++++ AVAILABLE DATA ++++

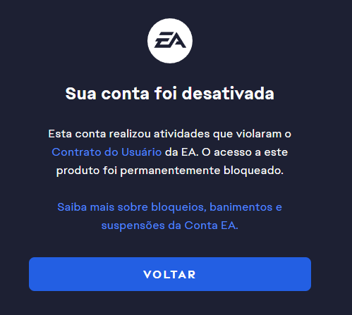 No email recebi que a conta foi bloqueada TEMPORARIAMENTE por 14 dias, e no webapp / app diz que foi banida PERMANENTEMENTE.
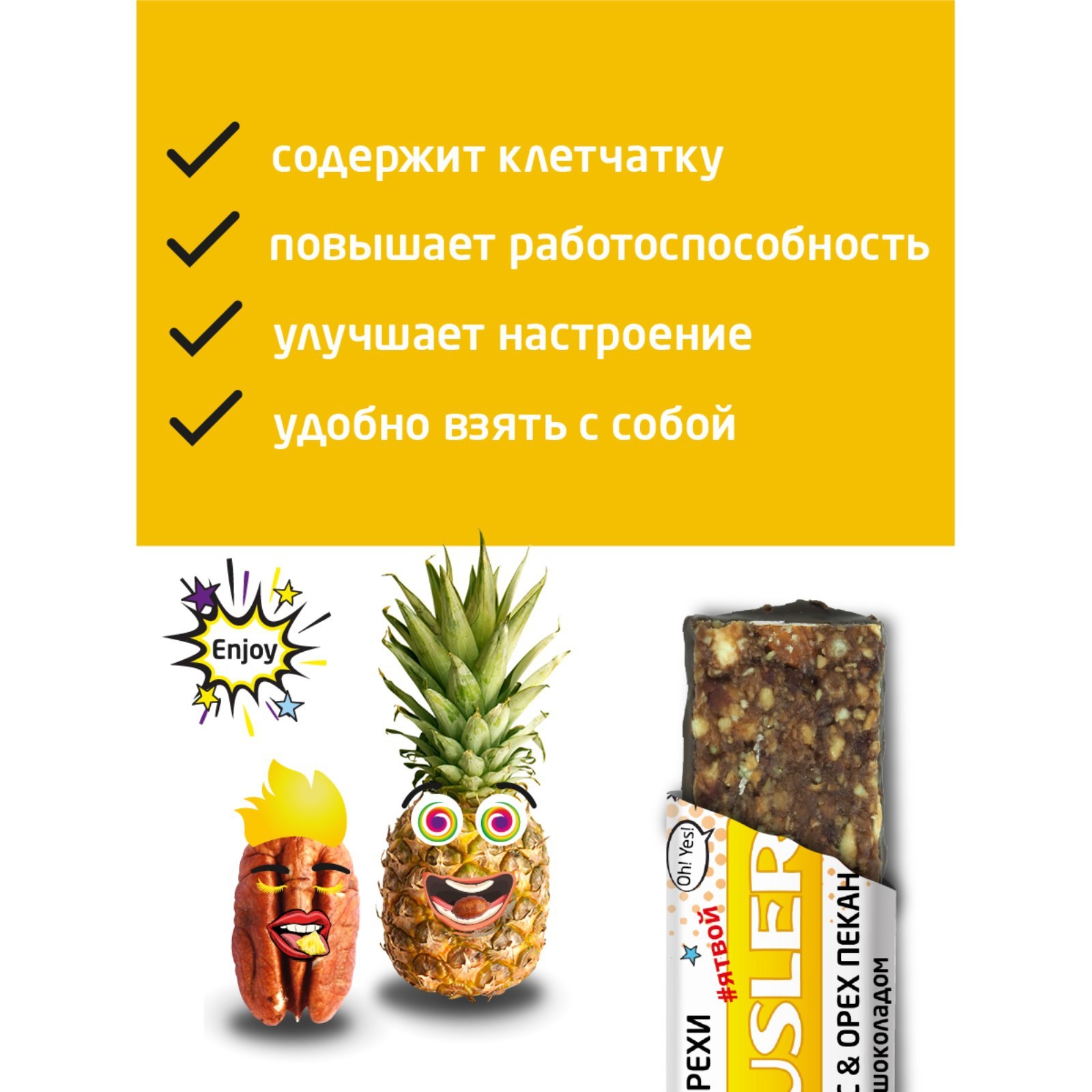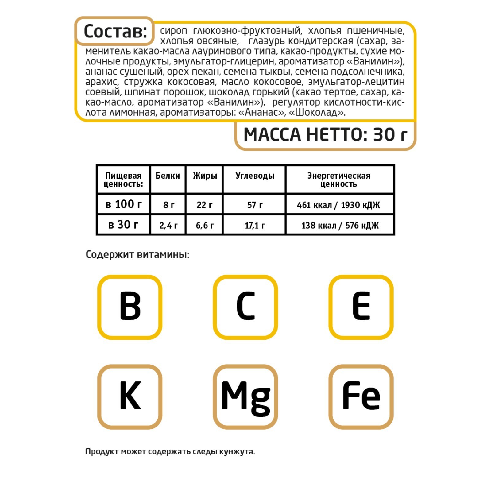 Состав: Сироп глюкозно-фруктозный, хлопья пшеничные, хлопья овсяные, глазурь кондитерская (сахар, заменитель какао-масла лауринового типа, какао-продукты, сухие молочные продукты, эмульгатор-глицерин, ароматизатор Ванилин), ананас сушеный, орех пекан, семена тыквы, семена подсолнечника, арахис, стружка кокосовая, масло кокосовое, эмульгатор-лецитин соевый,
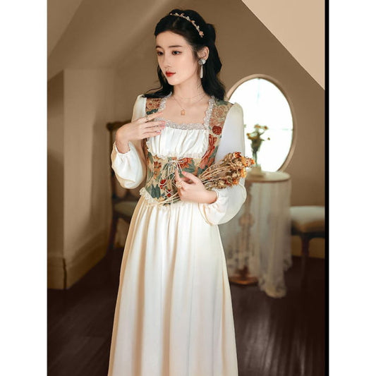 Zweiteiliges Midikleid mit Blumenmuster, Puffärmeln und Schnürung
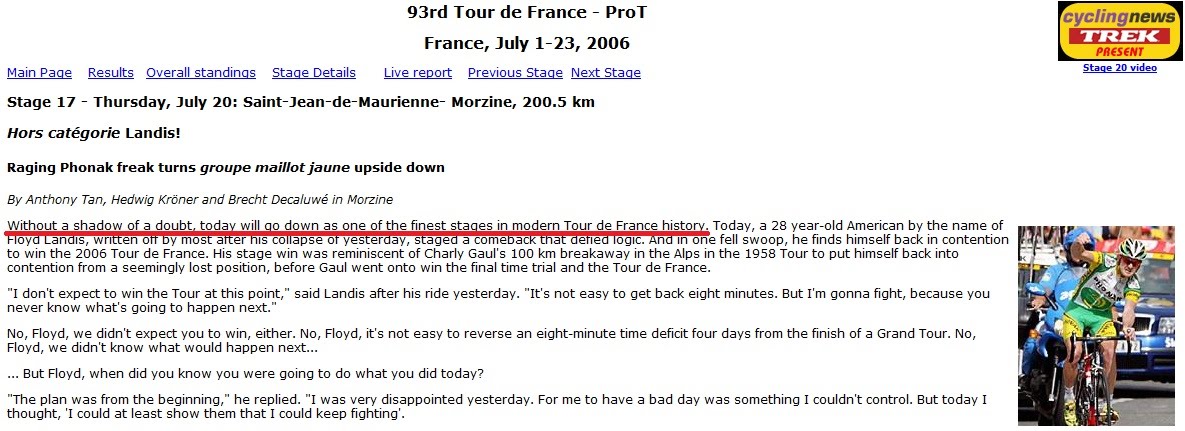 Sadly today we know that was more than a shadow of doubt, Landis was caught doping. Stripped of the stage win and indeed his Tour de France win, today Landis has effectively lost everything.

++++

→ AIM OF THE EXERCISE
Retype, exactly as written, each line from the one containing "Zweiteiliges Midikleid mit" through the end of the data above, and leave out every picture.

→ SOLVED EXERCISE
 Zweiteiliges Midikleid mit Blumenmuster, Puffärmeln und Schnürung
 Sadly today we know that was more than a shadow of doubt, Landis was caught doping. Stripped of the stage win and indeed his Tour de France win, today Landis has effectively lost everything.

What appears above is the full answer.